● **YOUR TASK**
Retype only the lines that run from the top of the material below to the line bearing "転職活動を行った人のうち3人", inclusive, and keep the pictures out.

● **THE DATA**

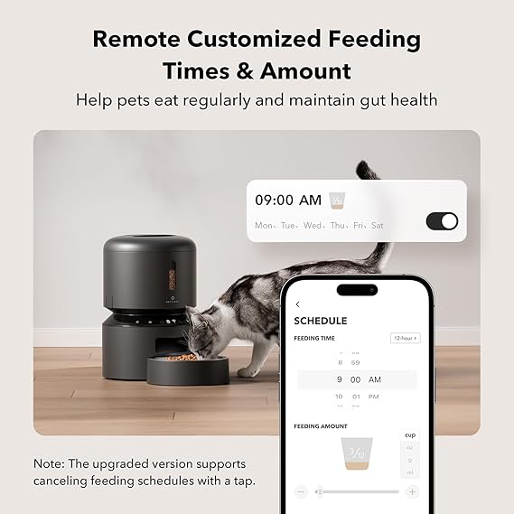 - Never Miss A Meal: Easily schedule up to 10 meals per day and 1-48 portions per meal (1/12 cup each portion) with the Wi-Fi automatic cat feeder, you can easily customize your furry friend's feeding plan and check the feeding records to ensure your cat has been fed on a set schedule by the APP.
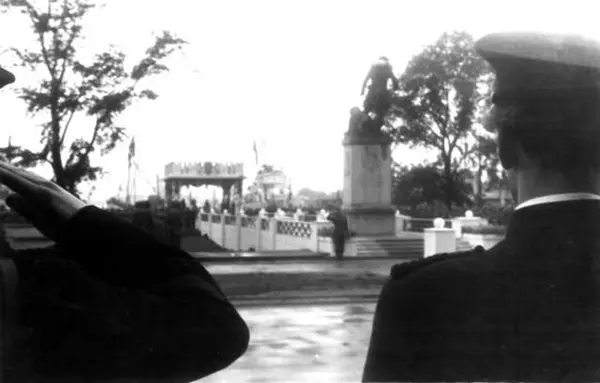 Fra Oslo 7. juni 1945. Kongen kommer tilbake.Utsikt mot Honnørbryggen og æresportalen. Publikum venter mens soldater holder vakt. To politimenn med ryggen til forrest i bildet.
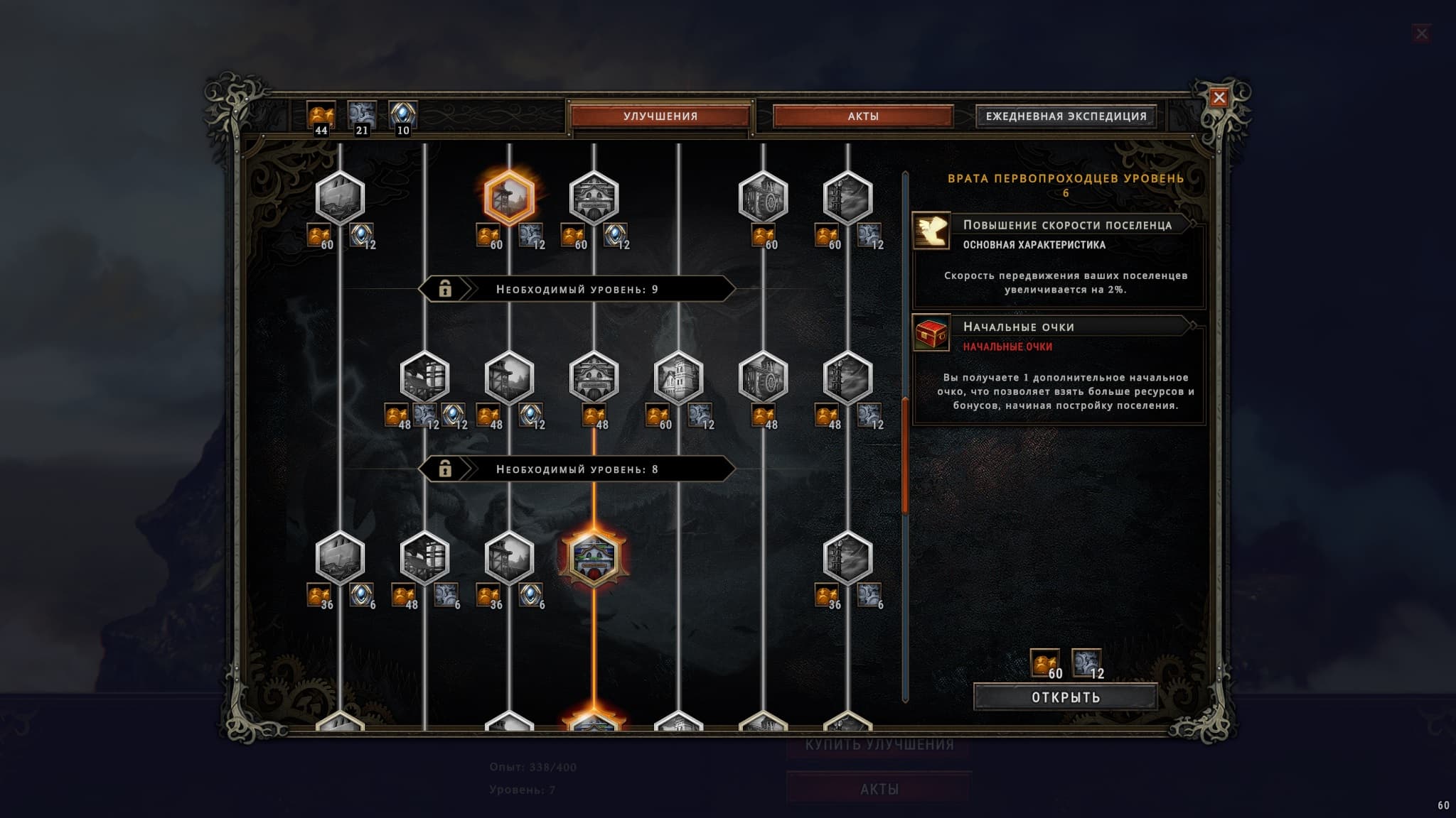 В случае победы выдаётся опыт для повышения уровня. Определённый уровень откроет доступ к новым возможностям и зданиям. Кроме этого, есть отдельные ресурсы для покупки улучшений. Всё это потенциально должно упростить игру, но здесь дополнительным стимулом выступает уровень сложности. Чем сложнее – тем выше награда и больше шансов на провал. Фанату игры важно настолько преисполниться в знании механик, чтобы уметь находить выход из самых запутанных ситуаций.
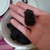 Темно-фиолетовый окрас ягод воспринимается как черный, фиолетовость можно увидеть только при попадании сока на кожу. Выглядят плоды декоративно, поскольку интересно переливаются в солнечных лучах. Мякоть у них весьма сочная, с плотной текстурой. Вкус сладкий, кислинка едва заметна. Хорошо слышны нотки сливы, черешни, вишни. Оценка вкуса специалистами – 4,8 балла.
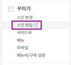 이제는 위에서 복사한 메타태그를 본인의 티스토리 블로그에 붙여 넣어줘야 합니다. 그러기 위해서 먼저 티스토리 관리자 페이지로 접속해, "꾸미기" 밑에 있는 "스킨편집" 메뉴로 들어가 줍니다.
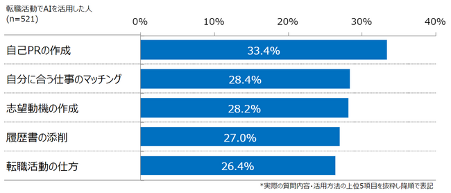 転職活動を行った人のうち3人に1人が転職活動でChatGPTなどの生成系AIを活用。活用方法は選考書類の作成補助だけでなく、仕事のマッチング・転職活動の仕方の相談など、多岐にわたる【図1、2、3、4】
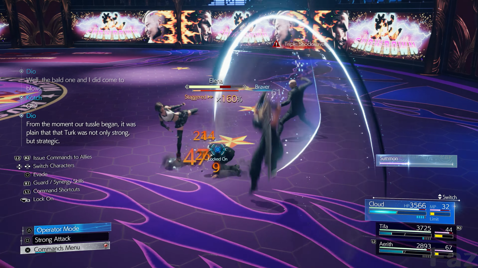 The original Final Fantasy VII released in 1997 on the PlayStation. With twenty-seven years of controller and hardware advancement between 1997 and 2024, Rebirth’s developers are given more creative freedoms when designing combat mechanics and gameplay. Shown above are Cloud, Tifa, and Aerith fighting the Turks, Rude and Elena, in a grudge rematch at Dio’s Musclehead Colosseum. In the foreground, Cloud and Tifa wail on a fatigued Elena. Tifa uses a normal attack roundhouse kick and Cloud uses Braver, a heavy falling sword slash ability. Elena has sustained significant damage and has a “Staggered” title beneath her health bar followed by x160% multiplier; the Staggered bar has almost depleted. Orange numbers surround her character model while the blue words “Locked On” and a little blue crosshair-and-target appear directly on her model. Cloud has the word “Braver” in blue above his head and Rude has the words “Triple Shockwave” in red above his head, preceded by a red, triangle warning symbol with an exclamation point in the center. To the right, the summon bar and character stats are presented. The summon bar is currently filling up and the player can summon a powerful creature from their arsenal once the bar is full. Underneath the summon bar, the character stats show each character’s remaining HP and MP, LIMIT Gauge, ATB Gauge (horizontal and under HP bar), and Synergy Gauge (vertical bars under the ATB Gauge); the active character is Cloud, denoted by his name card being highlighted in blue. Tifa and Aerith have an R2 and L2 next to their card respectively, alerting the player they can be issued orders using their respective button (also shown on left side). To the left, a Commands Menu is available along with Operator Mode and Strong attack. Each character has a unique combat ability for their normal attacks; for example, Cloud is currently in Punisher Mode using Strong Attacks and has the choice to switch back and forth with Operator mode, which uses quicker/weaker normal attacks. In the Commands Menu, the character’s physical/magic abilities and synergy skills lie. Here, ATB can be expended for powerful physical/elemental abilities and synergy charges for synergy abilities. Above these combat characteristics are helpful tips from the game to remind the player of their options such as guarding, dodging, and locking on. To the upper Left, commentary is given by people not actively in combat. As the combatants fight, Dio and Kotch, the owner of the establishment and an announcer, banter about their experiences; these dialogues are not important to the fight at hand, but are entertaining to listen to. The fighters brawl in an expansive, grandiose arena, decorated with deep purple flames on the floor, Dio’s logo in the center of the arena, and promotional poster walling the arena.
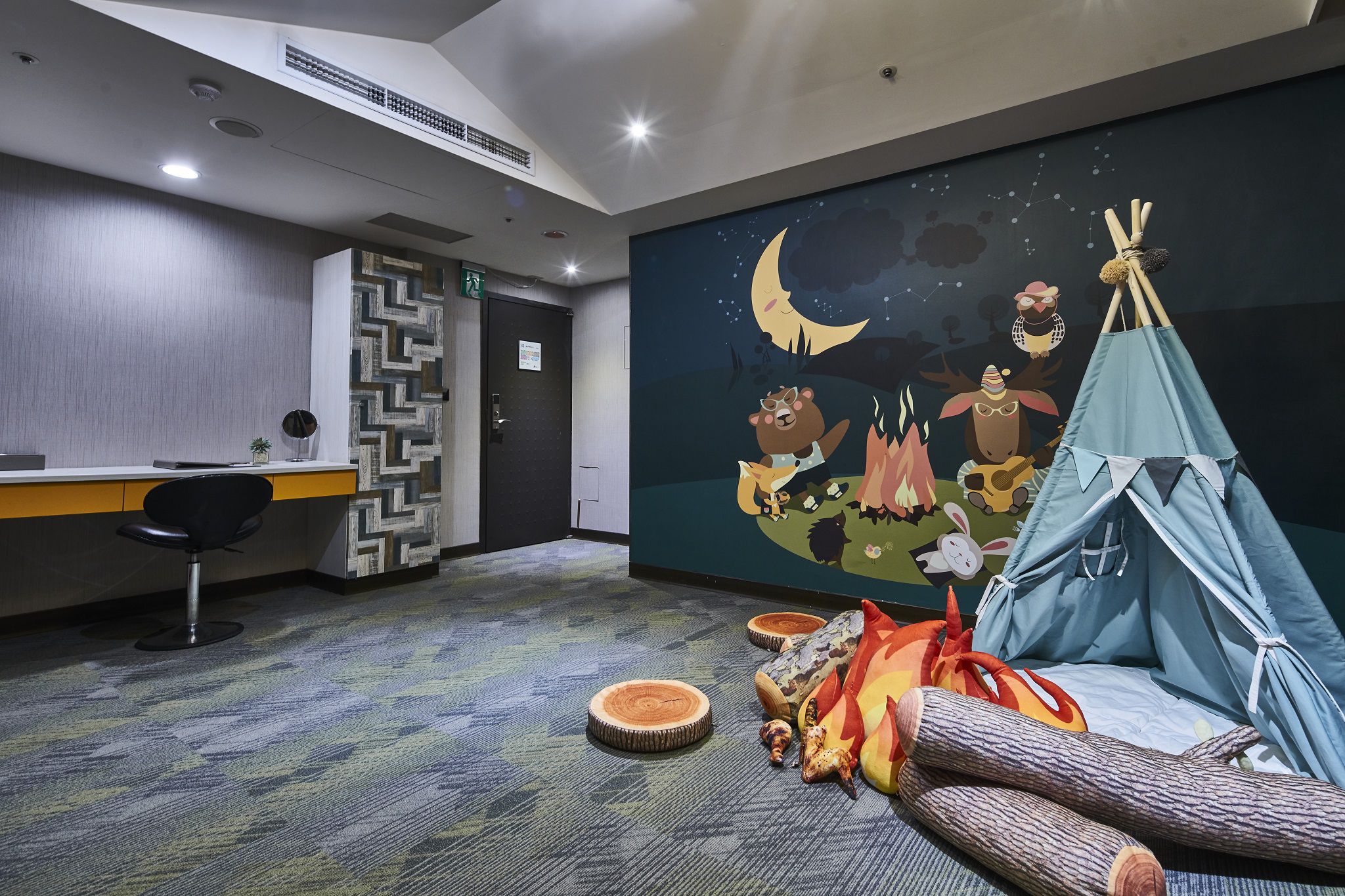 不但設計了適合孩子遊樂的特色房間,也有提供嬰兒床、澡盆給需要的家庭。飯店特殊主題設計的房間,共有 6 種四人房型,和 4 種雙人房型,另外也提供一般的宮賞四人房可以選擇唷。雙人床的床型夠大,只有一寶的小家庭共睡一張床也沒問題!
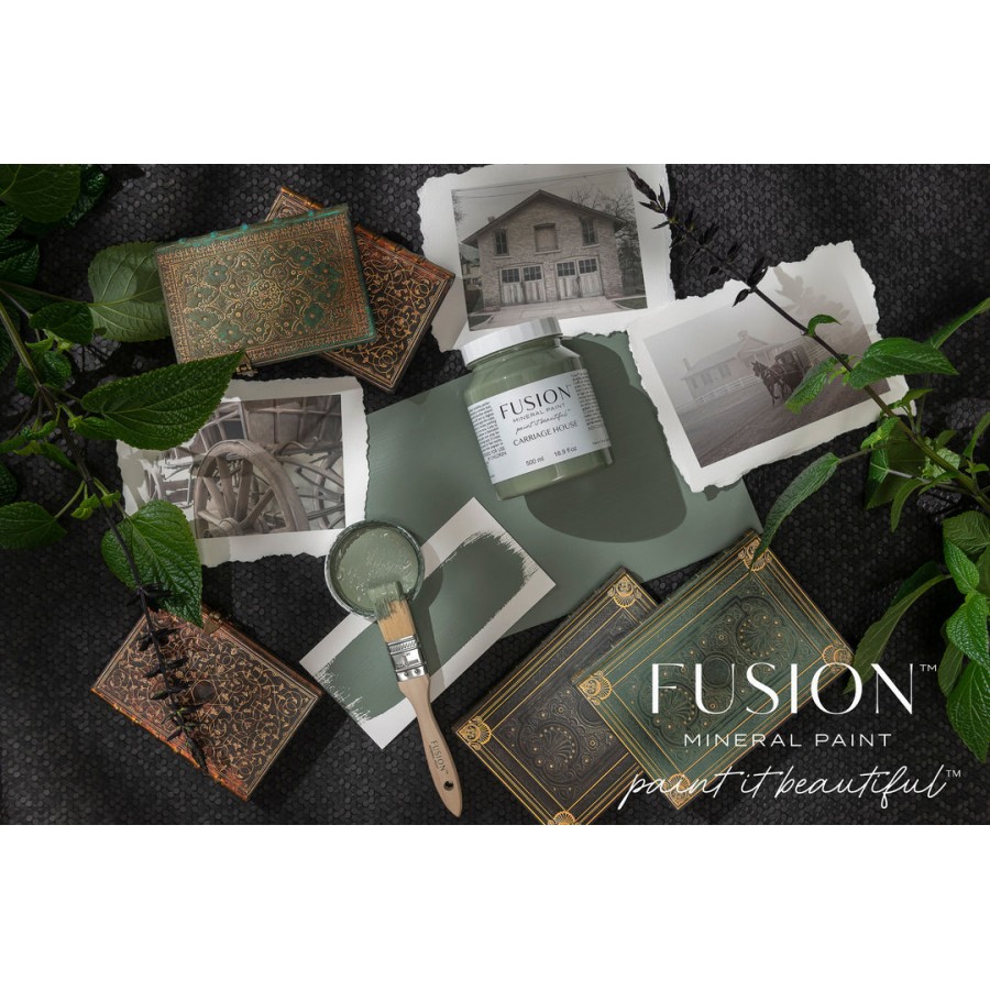 Fusion Mineral Paint Carriage House es un hermoso tono medio que combina un verde impactante y un gris sereno. Crea un aspecto encantador pero relajante.

● **ANSWER SPACE**
 - Never Miss A Meal: Easily schedule up to 10 meals per day and 1-48 portions per meal (1/12 cup each portion) with the Wi-Fi automatic cat feeder, you can easily customize your furry friend's feeding plan and check the feeding records to ensure your cat has been fed on a set schedule by the APP.
 Fra Oslo 7. juni 1945. Kongen kommer tilbake.Utsikt mot Honnørbryggen og æresportalen. Publikum venter mens soldater holder vakt. To politimenn med ryggen til forrest i bildet.
 В случае победы выдаётся опыт для повышения уровня. Определённый уровень откроет доступ к новым возможностям и зданиям. Кроме этого, есть отдельные ресурсы для покупки улучшений. Всё это потенциально должно упростить игру, но здесь дополнительным стимулом выступает уровень сложности. Чем сложнее – тем выше награда и больше шансов на провал. Фанату игры важно настолько преисполниться в знании механик, чтобы уметь находить выход из самых запутанных ситуаций.
 Темно-фиолетовый окрас ягод воспринимается как черный, фиолетовость можно увидеть только при попадании сока на кожу. Выглядят плоды декоративно, поскольку интересно переливаются в солнечных лучах. Мякоть у них весьма сочная, с плотной текстурой. Вкус сладкий, кислинка едва заметна. Хорошо слышны нотки сливы, черешни, вишни. Оценка вкуса специалистами – 4,8 балла.
 이제는 위에서 복사한 메타태그를 본인의 티스토리 블로그에 붙여 넣어줘야 합니다. 그러기 위해서 먼저 티스토리 관리자 페이지로 접속해, "꾸미기" 밑에 있는 "스킨편집" 메뉴로 들어가 줍니다.
 転職活動を行った人のうち3人に1人が転職活動でChatGPTなどの生成系AIを活用。活用方法は選考書類の作成補助だけでなく、仕事のマッチング・転職活動の仕方の相談など、多岐にわたる【図1、2、3、4】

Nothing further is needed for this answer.